Home » World News »
Government expert: Britain should have gone into lockdown earlier
Britain should have gone into lockdown earlier and failing to impose restrictions sooner ‘cost a lot of lives’, says Government science expert
- Professor John Edmunds is an infectious diseases expert who attends SAGE
- He said today he believed that Britain ‘should have gone into lockdown earlier’
- He warned crisis is ‘definitely not over’ and there is still ‘an awful long way to go’
- Here’s how to help people impacted by Covid-19
Britain should have gone into lockdown earlier and failing to impose restrictions sooner ‘cost a lot of lives’, one of the Government’s top science experts said today.
Professor John Edmunds, who attends meetings of the Government’s Scientific Advisory Group for Emergencies (SAGE), said he regretted that ministers had not acted quicker to impose draconian curbs on the nation.
He also warned the coronavirus crisis is ‘definitely not over’ and that there is still ‘an awful long way to go’ before the disease is defeated.
He said the nation could not yet ‘relax’ and if people do then the ‘epidemic will come back very fast’.
Professor John Edmunds, a Government science adviser who attends SAGE, today said he ‘wished’ lockdown had started earlier
The UK’s official coronavirus death toll is now more than 40,000.
Prof Edmunds, an infectious diseases expert, said more lives would have been saved if ministers had imposed lockdown before March 23.

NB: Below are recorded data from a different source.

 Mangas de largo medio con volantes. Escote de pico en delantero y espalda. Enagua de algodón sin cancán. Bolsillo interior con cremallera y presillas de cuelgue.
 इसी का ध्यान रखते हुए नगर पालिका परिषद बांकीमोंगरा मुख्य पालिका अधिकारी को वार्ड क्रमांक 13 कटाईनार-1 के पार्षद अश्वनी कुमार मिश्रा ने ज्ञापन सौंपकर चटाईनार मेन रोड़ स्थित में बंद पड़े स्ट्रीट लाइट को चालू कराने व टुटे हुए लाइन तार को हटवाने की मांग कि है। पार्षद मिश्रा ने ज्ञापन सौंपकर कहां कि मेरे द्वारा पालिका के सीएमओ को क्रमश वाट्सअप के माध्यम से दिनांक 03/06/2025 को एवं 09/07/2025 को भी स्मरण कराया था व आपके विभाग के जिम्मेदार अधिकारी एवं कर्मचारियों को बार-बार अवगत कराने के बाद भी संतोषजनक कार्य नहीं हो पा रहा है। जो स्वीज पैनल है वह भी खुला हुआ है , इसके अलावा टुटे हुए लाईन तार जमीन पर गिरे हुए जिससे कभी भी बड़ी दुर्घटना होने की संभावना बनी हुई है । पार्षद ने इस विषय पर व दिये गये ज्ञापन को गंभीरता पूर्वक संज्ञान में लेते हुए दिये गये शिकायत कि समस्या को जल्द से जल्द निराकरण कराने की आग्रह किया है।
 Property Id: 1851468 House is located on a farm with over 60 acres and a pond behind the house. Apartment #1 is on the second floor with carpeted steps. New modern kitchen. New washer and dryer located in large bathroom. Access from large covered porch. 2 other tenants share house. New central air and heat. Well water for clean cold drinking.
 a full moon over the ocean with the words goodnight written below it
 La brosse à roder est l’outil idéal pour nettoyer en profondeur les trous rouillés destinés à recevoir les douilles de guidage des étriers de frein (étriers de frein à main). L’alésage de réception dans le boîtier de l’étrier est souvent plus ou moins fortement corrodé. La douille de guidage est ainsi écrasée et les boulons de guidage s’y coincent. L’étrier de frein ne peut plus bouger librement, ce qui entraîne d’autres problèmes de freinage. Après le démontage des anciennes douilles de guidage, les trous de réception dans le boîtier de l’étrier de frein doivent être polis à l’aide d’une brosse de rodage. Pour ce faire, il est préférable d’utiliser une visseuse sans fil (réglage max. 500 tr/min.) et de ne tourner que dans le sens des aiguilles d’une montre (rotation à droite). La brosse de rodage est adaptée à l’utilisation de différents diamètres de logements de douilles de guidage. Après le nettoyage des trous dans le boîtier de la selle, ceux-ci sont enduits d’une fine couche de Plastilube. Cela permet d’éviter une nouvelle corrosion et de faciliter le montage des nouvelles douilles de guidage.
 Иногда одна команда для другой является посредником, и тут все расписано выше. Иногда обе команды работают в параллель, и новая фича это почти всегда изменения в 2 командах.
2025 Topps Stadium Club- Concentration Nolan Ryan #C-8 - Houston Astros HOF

Asked on the BBC’s Andrew Marr Show what he regretted about the action taken during the outbreak, he said: ‘We should have gone into lockdown earlier.

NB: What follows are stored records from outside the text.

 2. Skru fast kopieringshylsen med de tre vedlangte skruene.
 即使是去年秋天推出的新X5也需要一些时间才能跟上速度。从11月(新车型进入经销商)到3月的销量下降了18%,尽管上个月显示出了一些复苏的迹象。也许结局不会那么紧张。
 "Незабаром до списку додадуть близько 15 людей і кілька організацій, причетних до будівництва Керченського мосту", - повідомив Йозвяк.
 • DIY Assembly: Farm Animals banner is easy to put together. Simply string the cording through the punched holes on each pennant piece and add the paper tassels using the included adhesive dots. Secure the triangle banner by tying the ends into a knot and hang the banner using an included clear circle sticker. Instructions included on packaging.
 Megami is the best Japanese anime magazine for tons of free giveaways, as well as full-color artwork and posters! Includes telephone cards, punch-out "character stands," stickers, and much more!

‘I think it would have been hard to do it, I think the data that we were dealing with in the early part of March and our kind of situational awareness was really quite poor.
‘And so I think it would have been very hard to pull the trigger at that point but I wish we had – I wish we had gone into lockdown earlier. I think that has cost a lot of lives unfortunately.’
Health Secretary Matt Hancock told the same programme that he disagreed with Prof Edmund’s view on the timing of lockdown.
‘I think we took the right decisions at the right time and there’s a broad range on SAGE of scientific opinion and we were guided by the science which means guided by the balance of that opinion – as expressed to ministers through the chief medical officer and the chief scientific adviser,’ he said.
The Government is now in the process of easing lockdown rules as the number of new cases in the UK continues to fall.
But Prof Edmunds struck a cautious tone as he said he would prefer to see a further reduction in infection rates before restrictions are loosened.
He said ultimately the timing of the easing of lockdown is up to the Government, but he added: ‘I would still prefer to see the cases come down lower than they are at the moment.
‘The ONS survey suggests that we are having around 5,000 new infections everyday and that is just in the community and just in England, excluding Northern Ireland, Wales and Scotland, that is excluding all of the infections occurring in hospitals and care homes which are very significant numbers still.
‘So I would like to see the cases come further down. That is my own personal opinion. But the Government has to weigh these things up, of course they do.’
Prof Edmunds said despite the epidemic heading in the right direction the UK would be wrong to assume that the battle has been won.
He said: ‘It is definitely not all over, unfortunately. There is an awful long way to go.
‘If we relax then this epidemic will come back very fast so I think we do need to be really cautious.
‘I actually think that people have been amazingly cautious and amazingly tolerant and adhering to the guidance as much as possible, I really do.
‘I think that people are still being very cautious and thankfully they are.’